Armin Laschet will nicht nur Kanzler werden - er will auch werden sie seine Ziehmutter und Unterstützerin Angela Merkel. In einer Erklärung sagte der NRW-Ministerpräsident: "Ich werde als Bundeskanzler eine Garantie abgeben, dass jeder, der sich auf diesen Namenslisten befindet, der sich für Deutschland engagiert hat, in Deutschland Aufnahme findet." Welche Listen Laschet genau meint, sagte er nicht.
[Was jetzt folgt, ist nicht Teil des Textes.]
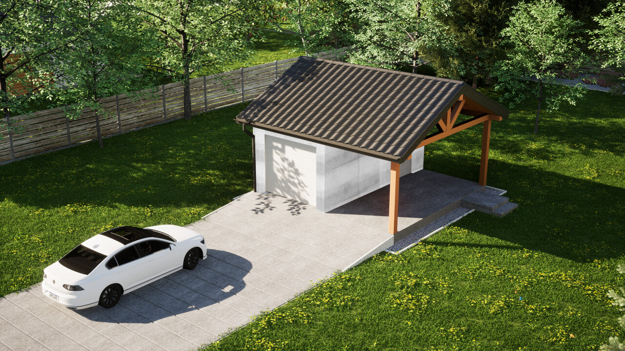 Garaż jednostanowiskowy z dodatkową wiatą ERDOL G1W to połączenie zamkniętego garażu o powierzchni 15,5 m² oraz wiaty z dachem o wymiarach 2,5 m na 5,9 m. Jest to układ, który pozwoli na wygodne przechowywanie jednego samochodu wewnątrz budynku, a jednego pod osłoną dachu.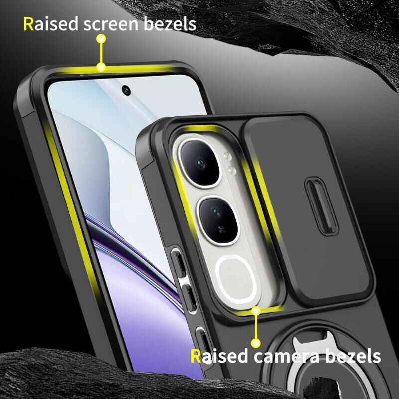 Θήκη τηλεφώνου για vivo V40 Lite 5G με ολισθητικό προστατευτικό κάμερας και δακτύλιο στήριξης (ρόζ)

Es war allerdings von registrierten Ortskräfte und Vertreter der Zivilgesellschaft die Rede - womit üblicherweise das ideologisch geschulte Personal von Einrichtungen der NGOs und der Hilfsindustrie gemeint ist.
Wie Laschet allerdings dafür Sorge tragen will, dass die entsprechenden Personen ausreisen können, sagte er nicht, sondern sprach nur davon, dass auf die Taliban Druck augeübt werden müsse. Eine reichlich vermessene Ankündigung, nachdem die Taliban erst vor wenigen Tagen Kabul erobert haben. Deutschland müsse sich auf die Aufnahme der Personen vorbereiten. "Wir müssen alle, die auf uns gesetzt haben, herausholen." Kämpferische Worte für einen, der zunächst Urlaub vom Wahlkampf macht. Ergänzend fügte Laschet hinzu, NRW sei bereit, 1000 Frauen aus Afghanistan aufzunehmen.
Auch zu Hilfszahlungen an das von den Taliban beherrschte Land ist er wohl bereit. "Bestimmte Bedingungen müssen erfüllt sein", schrännkte der Unions-Kanzlerkandidat ein, "damit die internationale Gemeinschaft weiter in Afghanistan hilft und präsent ist". Man könnte meinen, Laschet weiß nicht, dass Kabul vor wenigen Tagen gefallen ist. Aber Flüchtlinge aufnehmen, daszu ist er bereit. Das schafft er.